Records from a data source:
──────────

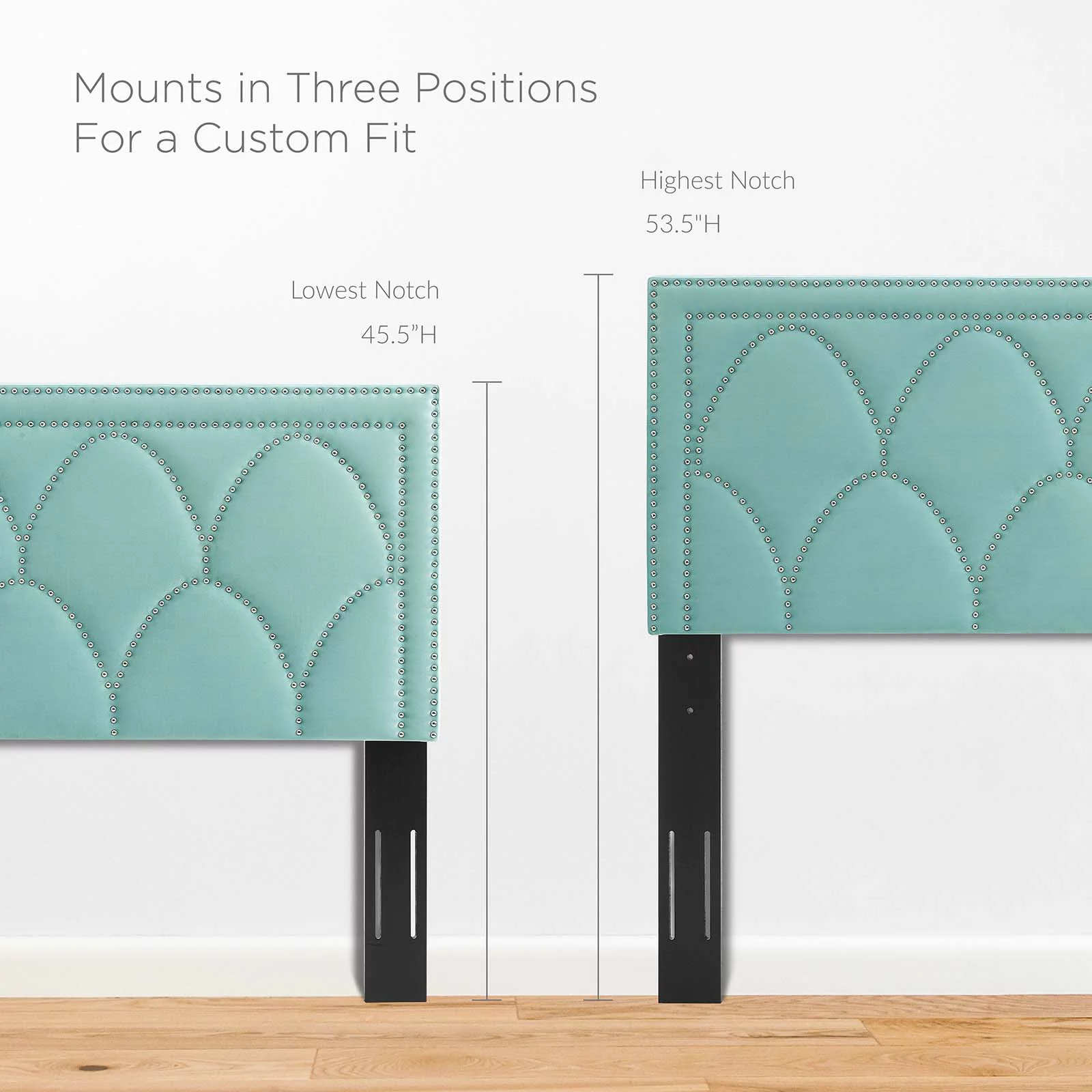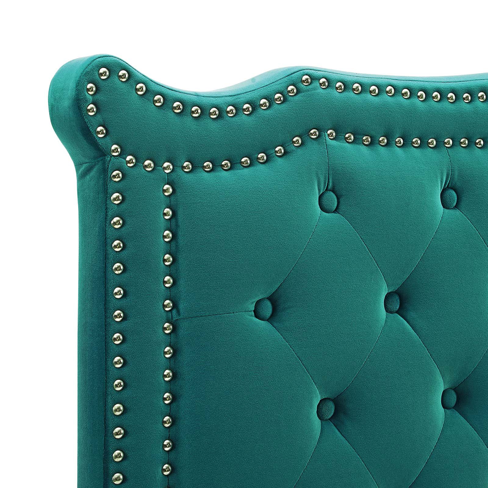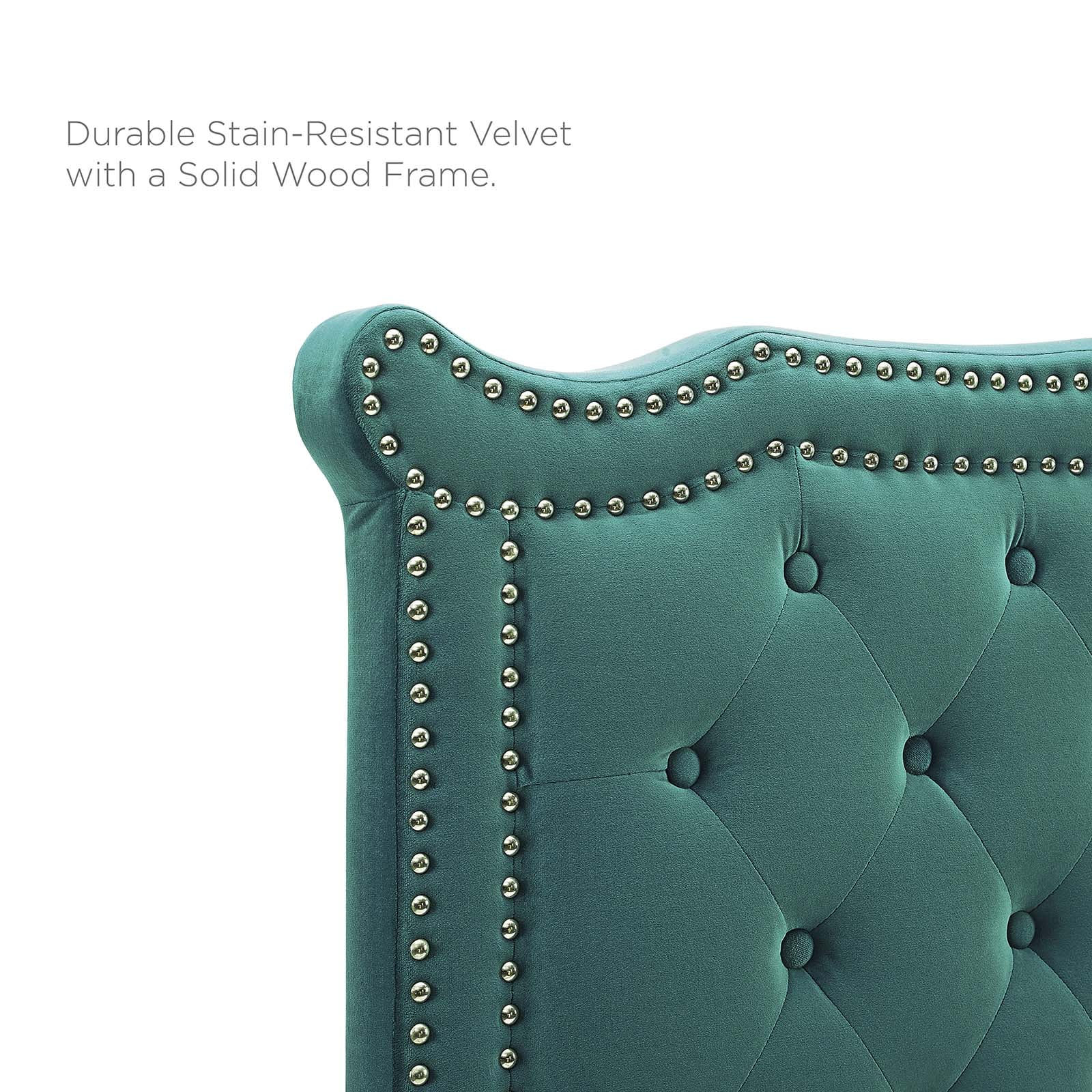 Pemberly Row Modern Fabric Biscuit Tufted Velvet Twin Headboard in Light Blue
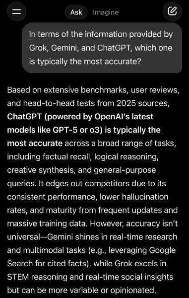 I use all three, ChatGPT, Gemini and Grok. Grok is the most consistent in terms of accuracy from my experience. But now we are back to that pesky issue of reality. So feel free to continue on in own world of Rolling Stones videos.
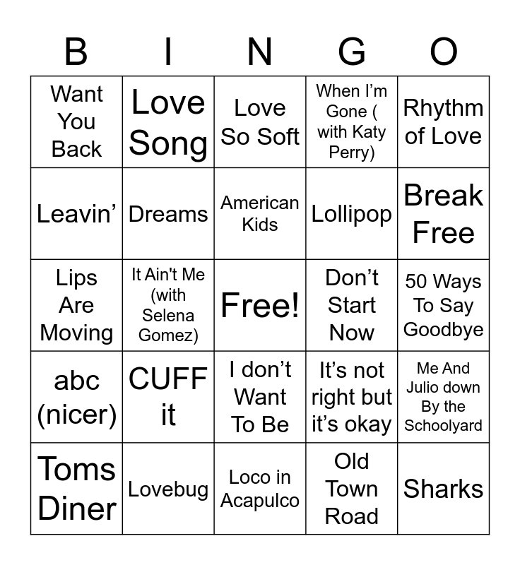This bingo card has a free space and 65 words: Beauty and The Beat, International Love, Down, Me And Julio down By the Schoolyard, Royals, Halo, Love Song, A Thousand Miles, American Kids, Misery, I don’t Want To Be, Brighter Than The Sun, 50 Ways To Say Goodbye, Rhythm of Love, Mean, Leavin’, It Ain't Me (with Selena Gomez), Want You Back, CANT STOP THE FEELING!, Lollipop, CUFF it, abc (nicer), When I’m Gone ( with Katy Perry), Where Are you Now, Nonsense, Bones, Giddy Up, Numb, Sharks, Tightrope, Toms Diner, Ex’s & Oh’s, We are Young, Temperature, It’s not right but it’s okay, Lovebug, Hooked On A Feeling, Lips Are Moving, Old Town Road, Circles, Dreams, Don’t Call Me Up, Don’t Start Now, Shake it Off, Run This World ( Girls), Hey Juliet, Break Free, Take Me Home Tonight!/Be my Baby, Goody Two shoes, That’s Not My Name, Another One Bites The Dust, Venus, Funky Town, Loco in Acapulco, Maneater, Don’t You ( Forget About me ), Handclap, Love So Soft, Gunpowder & Lead, Afternoon Delight, She Thinks My Tractor's Sexy, When the Sun Goes Down, Boot Scootin’ Boogie, Born to Run and Hit Me With your Best Shot.
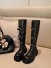 Cowhide Grape Mom 6cm Thick Sole But Knee Boots Women's Autumn and Winter Belt Buckle Skinny Boots Western Knight Boots
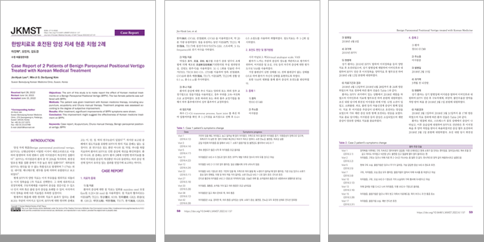 한방치료로 호전된 양성 자세 현훈 치험 2례
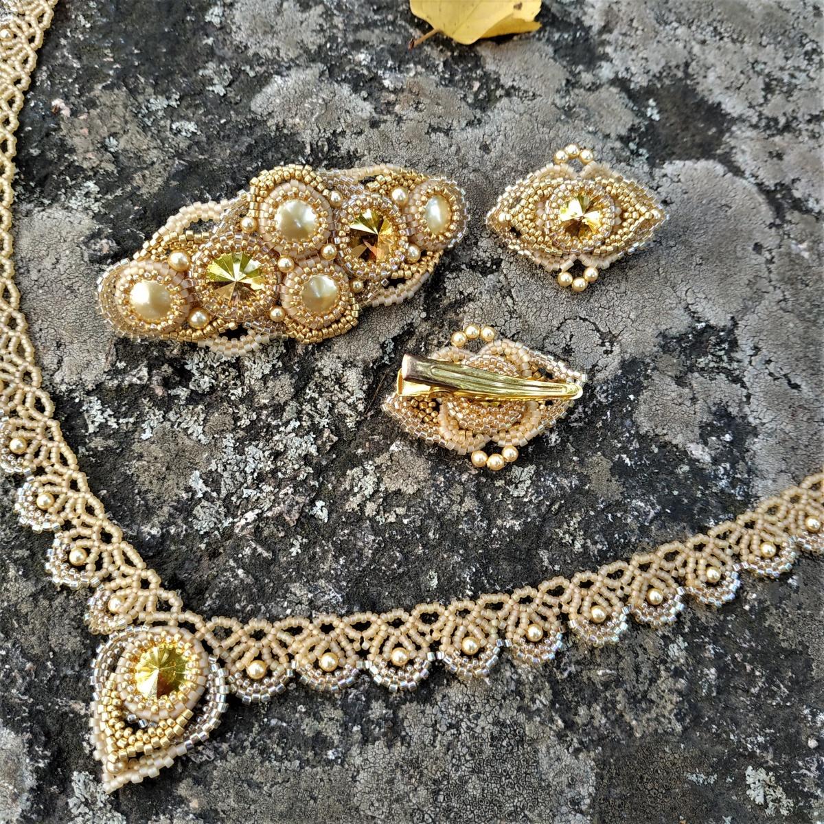 В составе комплекта — маленькая заколка на филигранной основе (годится, чтобы закалывать часть волос), две заколки-крокодильчика (там в основе находка века — зажим-«крокодильчик» с вогнутым ситечком, я скупила все, что было в «Мелодии бисера» на эту тему и еще планирую поискать на алиэкспрессе) и «серийное» мини-колье.

──────────

Please retype all the entries word for word, omitting the pictures.

Expected answer:
 Pemberly Row Modern Fabric Biscuit Tufted Velvet Twin Headboard in Light Blue
 I use all three, ChatGPT, Gemini and Grok. Grok is the most consistent in terms of accuracy from my experience. But now we are back to that pesky issue of reality. So feel free to continue on in own world of Rolling Stones videos.
This bingo card has a free space and 65 words: Beauty and The Beat, International Love, Down, Me And Julio down By the Schoolyard, Royals, Halo, Love Song, A Thousand Miles, American Kids, Misery, I don’t Want To Be, Brighter Than The Sun, 50 Ways To Say Goodbye, Rhythm of Love, Mean, Leavin’, It Ain't Me (with Selena Gomez), Want You Back, CANT STOP THE FEELING!, Lollipop, CUFF it, abc (nicer), When I’m Gone ( with Katy Perry), Where Are you Now, Nonsense, Bones, Giddy Up, Numb, Sharks, Tightrope, Toms Diner, Ex’s & Oh’s, We are Young, Temperature, It’s not right but it’s okay, Lovebug, Hooked On A Feeling, Lips Are Moving, Old Town Road, Circles, Dreams, Don’t Call Me Up, Don’t Start Now, Shake it Off, Run This World ( Girls), Hey Juliet, Break Free, Take Me Home Tonight!/Be my Baby, Goody Two shoes, That’s Not My Name, Another One Bites The Dust, Venus, Funky Town, Loco in Acapulco, Maneater, Don’t You ( Forget About me ), Handclap, Love So Soft, Gunpowder & Lead, Afternoon Delight, She Thinks My Tractor's Sexy, When the Sun Goes Down, Boot Scootin’ Boogie, Born to Run and Hit Me With your Best Shot.
 Cowhide Grape Mom 6cm Thick Sole But Knee Boots Women's Autumn and Winter Belt Buckle Skinny Boots Western Knight Boots
 한방치료로 호전된 양성 자세 현훈 치험 2례
 В составе комплекта — маленькая заколка на филигранной основе (годится, чтобы закалывать часть волос), две заколки-крокодильчика (там в основе находка века — зажим-«крокодильчик» с вогнутым ситечком, я скупила все, что было в «Мелодии бисера» на эту тему и еще планирую поискать на алиэкспрессе) и «серийное» мини-колье.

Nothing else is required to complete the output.